• **Aim of the exercise**
Nothing but the lines from the one with "Graphviz报错: ExecutableNotFound: failed" through the final line of the entries should appear in the answer, copied exactly and without pictures.

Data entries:
-------------------------
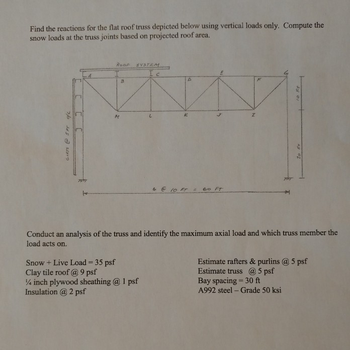 2 what type of load is acting on the roof truss shown in the figure roof self weight snow or wind. The roof is simply supported on purlins which in turn are attached to the joints at the top chord of the truss. Use the method of joints for both numbers to determine the force in each member of the roof truss shown. The roofing panels span between purlins see loads and load paths lab notes which carry the roof loads to the truss joints.
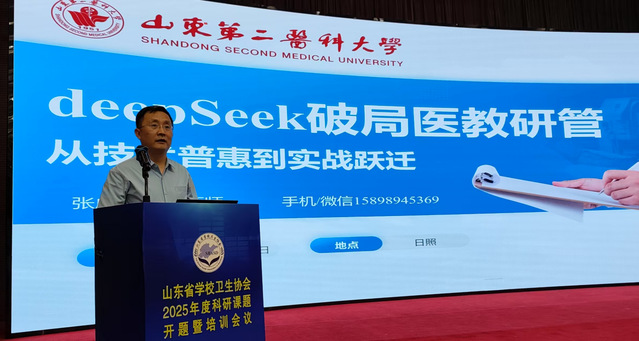 5月23日至25日,山东省学校卫生协会2025年度课题培训会议在日照举办,全省教育、医疗系统400余位专家学者参会。张成明副教授应邀出席会议,并作题为《DeepSeek赋能医教研管:从技术普惠到实践跃升》的学术报告。
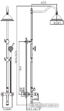 | Диаметр (ширина) верхнего душа | 210 мм |
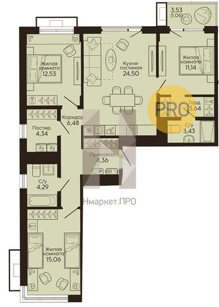 Квартира: 3 к 90,83 кв.м., 5 этаж в комплексе Тихий центр, 1 очередь, корп.2, сдача: 4кв. , этажей: 18, адрес Екатеринбург г., Челюскинцев ул., д. 2, Застройщик: Синара.
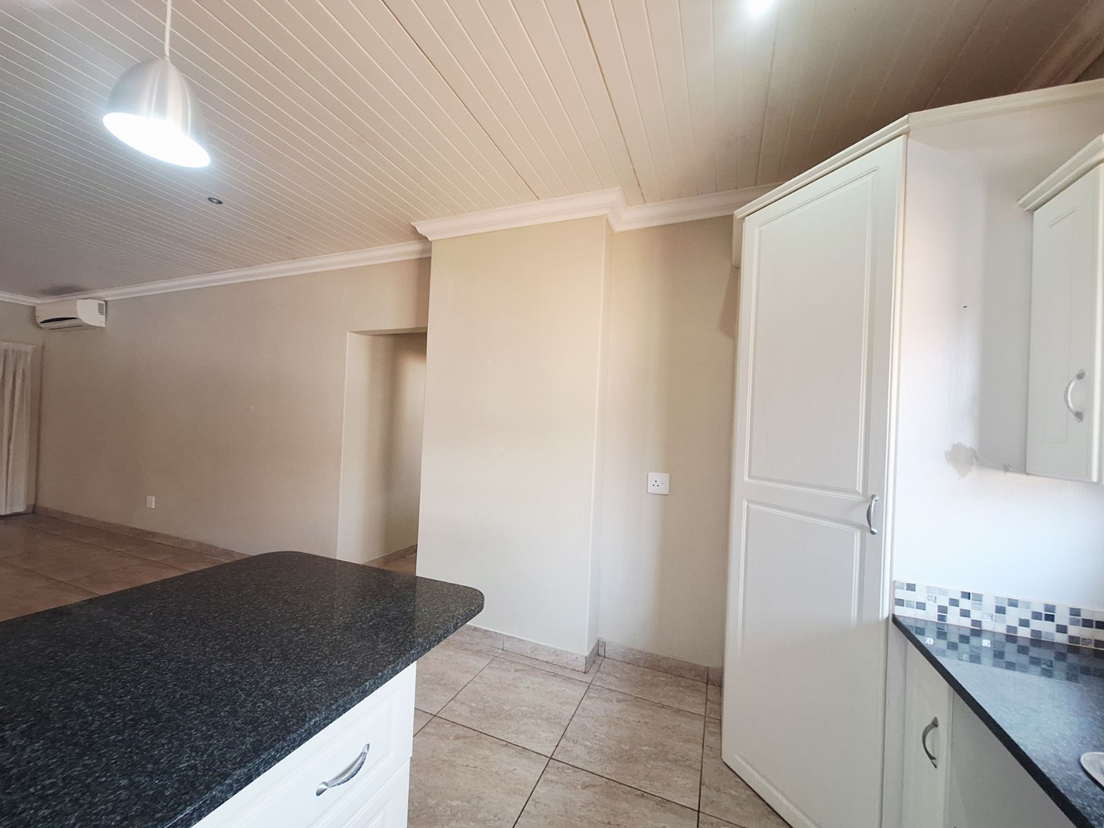 Open-plan lounge and dining area with air conditioning, and tiled floors
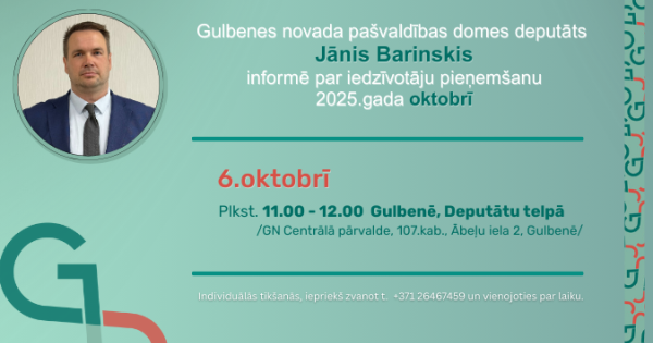 Gulbenes novada pašvaldības domes deputāts Jānis Barinskis informē par iedzīvotāju pieņemšanu 2025.gada oktobrī.
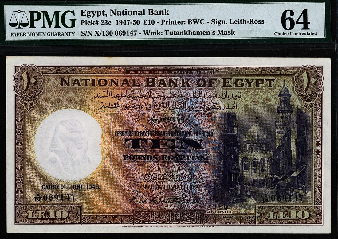 (x) National Bank, Egypt, £10, Cairo, 9th June 1948, serial number X/130 069147, Leith-Ross signature, (Pick 23c), in PMG holder 64 Choice Uncirculated
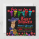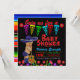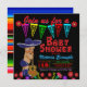 Chá de fraldas Fiesta convidada com um bebê fofo vestindo um sombrero azul escuro e guitarra em um festivo fundo de fiesta floral e serape. Esses adoráveis convites para o chá de bebê do Fiesta mexicano são facilmente personalizados para seu evento simplesmente adicionando seus detalhes.
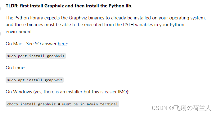 Graphviz报错: ExecutableNotFound: failed to execute ..., make sure the Graphviz executables Python的Graphviz包默认了系统里有这个包,因此要先在系统里装好,再pip install。解决方法参考stackoverflow。
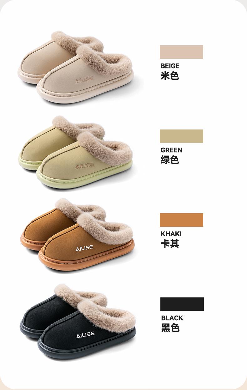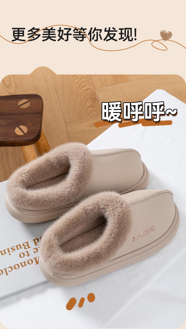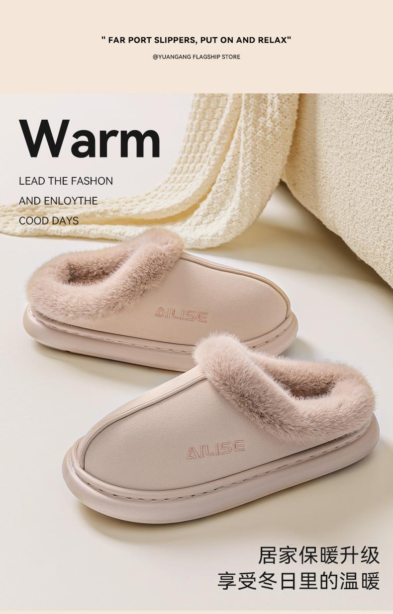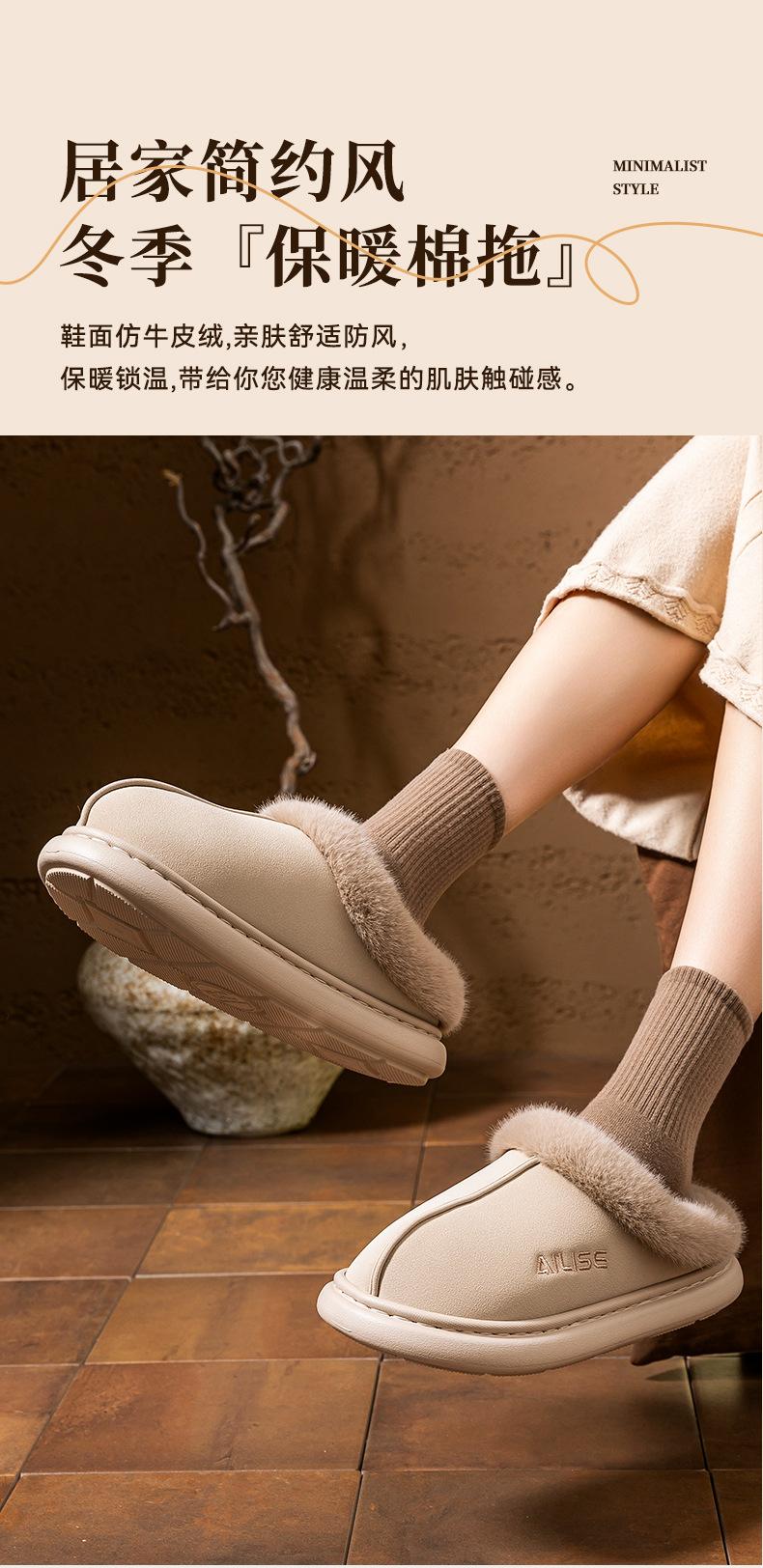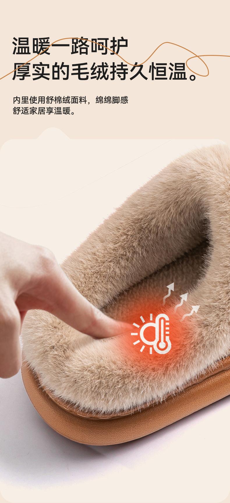Chinelo de Algodão Feminino de Outono e Inverno 2025 Novo Estilo Interior Casa Pelúcia Quente Sola Grossa Antiderrapante Inverno Mulher
-------------------------
• **Result below**
 Graphviz报错: ExecutableNotFound: failed to execute ..., make sure the Graphviz executables Python的Graphviz包默认了系统里有这个包,因此要先在系统里装好,再pip install。解决方法参考stackoverflow。
Chinelo de Algodão Feminino de Outono e Inverno 2025 Novo Estilo Interior Casa Pelúcia Quente Sola Grossa Antiderrapante Inverno Mulher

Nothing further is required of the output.